WHAT THE TASK ASKS => Reproduce every line below exactly as written; do not include the images.

--- DATASET ---

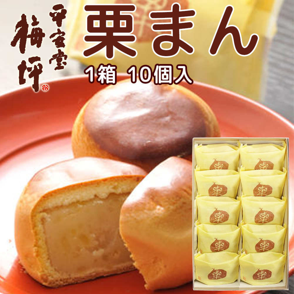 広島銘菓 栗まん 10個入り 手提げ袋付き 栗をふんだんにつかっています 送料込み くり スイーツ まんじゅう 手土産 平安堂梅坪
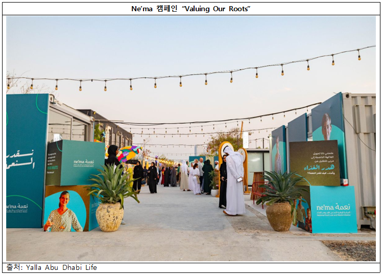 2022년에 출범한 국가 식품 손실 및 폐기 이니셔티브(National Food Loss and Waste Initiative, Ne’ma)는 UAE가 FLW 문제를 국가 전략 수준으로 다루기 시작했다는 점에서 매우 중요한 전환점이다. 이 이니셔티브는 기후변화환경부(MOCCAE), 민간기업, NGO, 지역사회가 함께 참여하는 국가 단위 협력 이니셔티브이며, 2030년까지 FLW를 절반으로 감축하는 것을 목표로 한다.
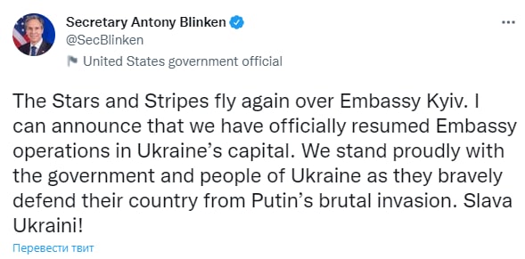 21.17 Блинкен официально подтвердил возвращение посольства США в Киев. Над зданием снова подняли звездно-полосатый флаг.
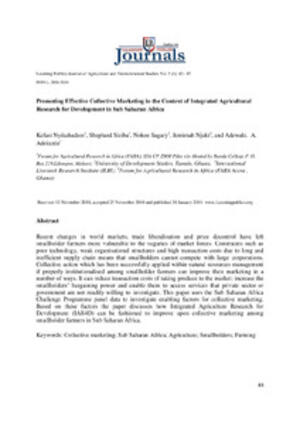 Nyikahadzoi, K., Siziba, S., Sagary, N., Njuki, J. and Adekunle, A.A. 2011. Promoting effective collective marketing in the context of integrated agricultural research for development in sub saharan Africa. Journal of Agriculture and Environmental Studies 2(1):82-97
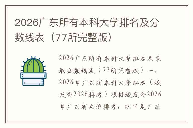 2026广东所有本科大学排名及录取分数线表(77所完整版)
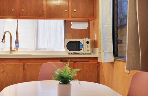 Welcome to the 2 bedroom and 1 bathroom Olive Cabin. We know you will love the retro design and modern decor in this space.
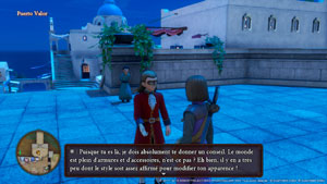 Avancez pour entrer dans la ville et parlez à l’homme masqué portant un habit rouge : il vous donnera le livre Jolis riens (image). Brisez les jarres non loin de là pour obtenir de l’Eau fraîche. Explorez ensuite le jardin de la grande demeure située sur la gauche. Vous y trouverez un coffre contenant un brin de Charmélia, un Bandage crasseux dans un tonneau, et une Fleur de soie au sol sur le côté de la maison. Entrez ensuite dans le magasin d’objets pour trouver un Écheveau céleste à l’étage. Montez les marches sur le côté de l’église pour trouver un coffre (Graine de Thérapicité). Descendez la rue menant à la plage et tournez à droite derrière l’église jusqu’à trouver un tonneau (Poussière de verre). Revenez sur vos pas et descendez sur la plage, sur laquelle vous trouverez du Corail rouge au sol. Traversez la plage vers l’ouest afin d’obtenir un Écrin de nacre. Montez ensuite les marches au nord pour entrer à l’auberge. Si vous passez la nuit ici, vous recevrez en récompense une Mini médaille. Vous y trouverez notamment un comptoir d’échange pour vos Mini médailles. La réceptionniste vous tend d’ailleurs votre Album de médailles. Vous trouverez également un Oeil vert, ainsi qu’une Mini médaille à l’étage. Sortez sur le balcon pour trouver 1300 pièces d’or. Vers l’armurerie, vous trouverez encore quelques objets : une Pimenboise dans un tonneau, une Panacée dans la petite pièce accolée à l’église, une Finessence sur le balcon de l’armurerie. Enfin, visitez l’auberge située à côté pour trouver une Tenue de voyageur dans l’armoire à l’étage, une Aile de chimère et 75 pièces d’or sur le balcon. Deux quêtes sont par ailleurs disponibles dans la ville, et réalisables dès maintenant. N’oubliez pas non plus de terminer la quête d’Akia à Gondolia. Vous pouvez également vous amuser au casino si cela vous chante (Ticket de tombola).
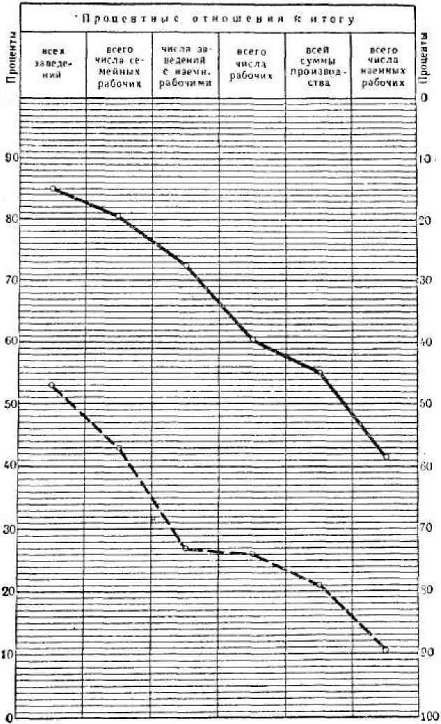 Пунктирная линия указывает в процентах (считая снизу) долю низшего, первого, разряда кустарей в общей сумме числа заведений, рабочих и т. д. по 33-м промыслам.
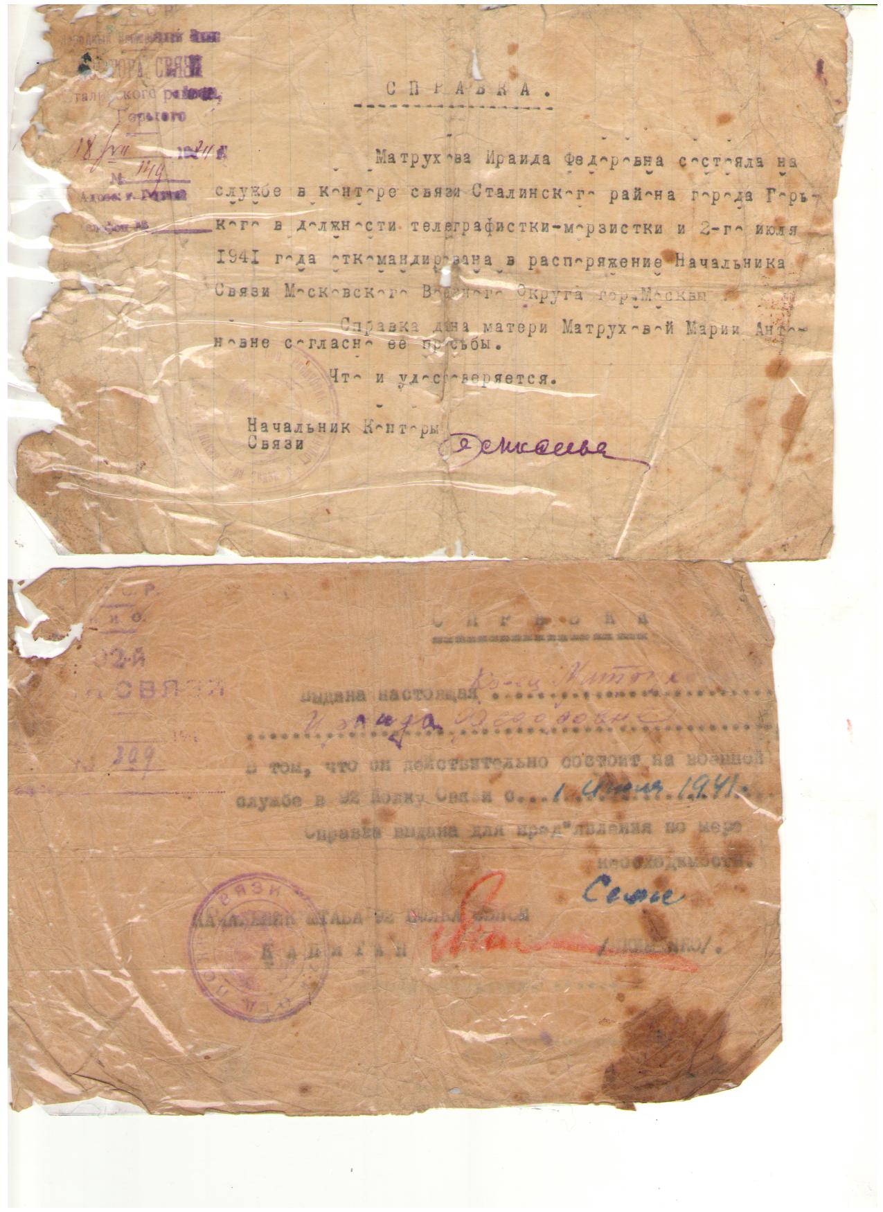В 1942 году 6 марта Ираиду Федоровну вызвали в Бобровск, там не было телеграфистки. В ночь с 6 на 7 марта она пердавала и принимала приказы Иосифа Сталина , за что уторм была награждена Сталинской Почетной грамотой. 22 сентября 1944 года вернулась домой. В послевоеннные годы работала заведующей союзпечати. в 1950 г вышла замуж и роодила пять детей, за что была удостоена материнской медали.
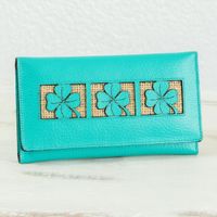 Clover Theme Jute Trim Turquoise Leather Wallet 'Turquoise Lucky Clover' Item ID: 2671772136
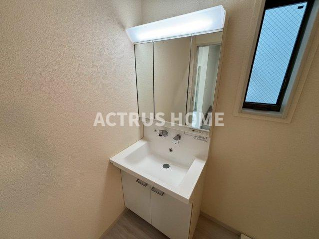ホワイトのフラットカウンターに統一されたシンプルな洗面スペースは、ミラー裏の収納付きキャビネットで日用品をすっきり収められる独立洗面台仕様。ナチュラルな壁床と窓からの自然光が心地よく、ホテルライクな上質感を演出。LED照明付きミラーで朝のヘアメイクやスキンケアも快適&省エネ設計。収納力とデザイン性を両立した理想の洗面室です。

---

EXERCISE RESULT =>
 広島銘菓 栗まん 10個入り 手提げ袋付き 栗をふんだんにつかっています 送料込み くり スイーツ まんじゅう 手土産 平安堂梅坪
 2022년에 출범한 국가 식품 손실 및 폐기 이니셔티브(National Food Loss and Waste Initiative, Ne’ma)는 UAE가 FLW 문제를 국가 전략 수준으로 다루기 시작했다는 점에서 매우 중요한 전환점이다. 이 이니셔티브는 기후변화환경부(MOCCAE), 민간기업, NGO, 지역사회가 함께 참여하는 국가 단위 협력 이니셔티브이며, 2030년까지 FLW를 절반으로 감축하는 것을 목표로 한다.
 21.17 Блинкен официально подтвердил возвращение посольства США в Киев. Над зданием снова подняли звездно-полосатый флаг.
 Nyikahadzoi, K., Siziba, S., Sagary, N., Njuki, J. and Adekunle, A.A. 2011. Promoting effective collective marketing in the context of integrated agricultural research for development in sub saharan Africa. Journal of Agriculture and Environmental Studies 2(1):82-97
 2026广东所有本科大学排名及录取分数线表(77所完整版)
 Welcome to the 2 bedroom and 1 bathroom Olive Cabin. We know you will love the retro design and modern decor in this space.
 Avancez pour entrer dans la ville et parlez à l’homme masqué portant un habit rouge : il vous donnera le livre Jolis riens (image). Brisez les jarres non loin de là pour obtenir de l’Eau fraîche. Explorez ensuite le jardin de la grande demeure située sur la gauche. Vous y trouverez un coffre contenant un brin de Charmélia, un Bandage crasseux dans un tonneau, et une Fleur de soie au sol sur le côté de la maison. Entrez ensuite dans le magasin d’objets pour trouver un Écheveau céleste à l’étage. Montez les marches sur le côté de l’église pour trouver un coffre (Graine de Thérapicité). Descendez la rue menant à la plage et tournez à droite derrière l’église jusqu’à trouver un tonneau (Poussière de verre). Revenez sur vos pas et descendez sur la plage, sur laquelle vous trouverez du Corail rouge au sol. Traversez la plage vers l’ouest afin d’obtenir un Écrin de nacre. Montez ensuite les marches au nord pour entrer à l’auberge. Si vous passez la nuit ici, vous recevrez en récompense une Mini médaille. Vous y trouverez notamment un comptoir d’échange pour vos Mini médailles. La réceptionniste vous tend d’ailleurs votre Album de médailles. Vous trouverez également un Oeil vert, ainsi qu’une Mini médaille à l’étage. Sortez sur le balcon pour trouver 1300 pièces d’or. Vers l’armurerie, vous trouverez encore quelques objets : une Pimenboise dans un tonneau, une Panacée dans la petite pièce accolée à l’église, une Finessence sur le balcon de l’armurerie. Enfin, visitez l’auberge située à côté pour trouver une Tenue de voyageur dans l’armoire à l’étage, une Aile de chimère et 75 pièces d’or sur le balcon. Deux quêtes sont par ailleurs disponibles dans la ville, et réalisables dès maintenant. N’oubliez pas non plus de terminer la quête d’Akia à Gondolia. Vous pouvez également vous amuser au casino si cela vous chante (Ticket de tombola).
 Пунктирная линия указывает в процентах (считая снизу) долю низшего, первого, разряда кустарей в общей сумме числа заведений, рабочих и т. д. по 33-м промыслам.
В 1942 году 6 марта Ираиду Федоровну вызвали в Бобровск, там не было телеграфистки. В ночь с 6 на 7 марта она пердавала и принимала приказы Иосифа Сталина , за что уторм была награждена Сталинской Почетной грамотой. 22 сентября 1944 года вернулась домой. В послевоеннные годы работала заведующей союзпечати. в 1950 г вышла замуж и роодила пять детей, за что была удостоена материнской медали.
 Clover Theme Jute Trim Turquoise Leather Wallet 'Turquoise Lucky Clover' Item ID: 2671772136
ホワイトのフラットカウンターに統一されたシンプルな洗面スペースは、ミラー裏の収納付きキャビネットで日用品をすっきり収められる独立洗面台仕様。ナチュラルな壁床と窓からの自然光が心地よく、ホテルライクな上質感を演出。LED照明付きミラーで朝のヘアメイクやスキンケアも快適&省エネ設計。収納力とデザイン性を両立した理想の洗面室です。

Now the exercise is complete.